# Ready for some Yotes!



## spitfire_er (Jan 23, 2010)

I think I am ready for those Mid range Yotes! I shot this group last weekend at 550 yards off my hunting pack. The 4 went 2.5" and the fifth flew out to 3 7/8". So If I miss anything within 600 yards..... it was my fault!


----------



## sonic (Mar 9, 2007)

not bad[ what cal u shooting? gr


----------



## spitfire_er (Jan 23, 2010)

It's a .243-06, that I built personally this past summer. This was my first group at this distace. I'm sure it can do better, but I was happy with this.


----------



## duckp (Mar 13, 2008)

Nice.What kind and power of glass?


----------



## spitfire_er (Jan 23, 2010)

The current scope is an older Nikon Buckmaster 4.5-14X40. Good scope for the money, but they changed the design, and don't make this scope anymore.


----------



## airforcehobit (Aug 6, 2008)

What kind of numbers do you get out of that wildcat?

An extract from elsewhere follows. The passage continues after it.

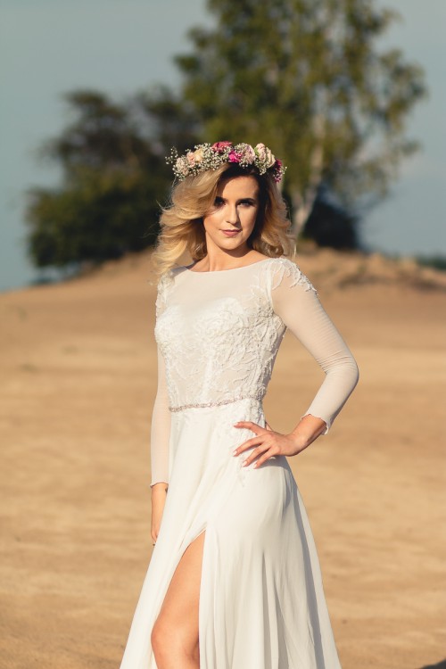 Dół - muślinowy, z dwoma rozporkami na bokach, dzięki czemu suknia jest bardzo zmysłowa.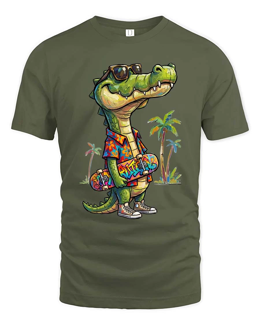 Cool Crocodile Skater Summer Vibes Graphic T Shirt Style - military green t-shirt on white background

I been wondering about that wildcat for a bit.


----------



## xdeano (Jan 14, 2005)

What bullet are you pushing and weight. 
Xdeano


----------



## spitfire_er (Jan 23, 2010)

I am pushing the 105 A-max's at 3,250 fps which is where my higher node is at. I know the lighter bullets can be pushed up aboce 3,500 and the really light 6mm's can get up around 4,000fps. I have only been shooting 100 and 105 gr bullets out of mine since I finished it a few months back.


----------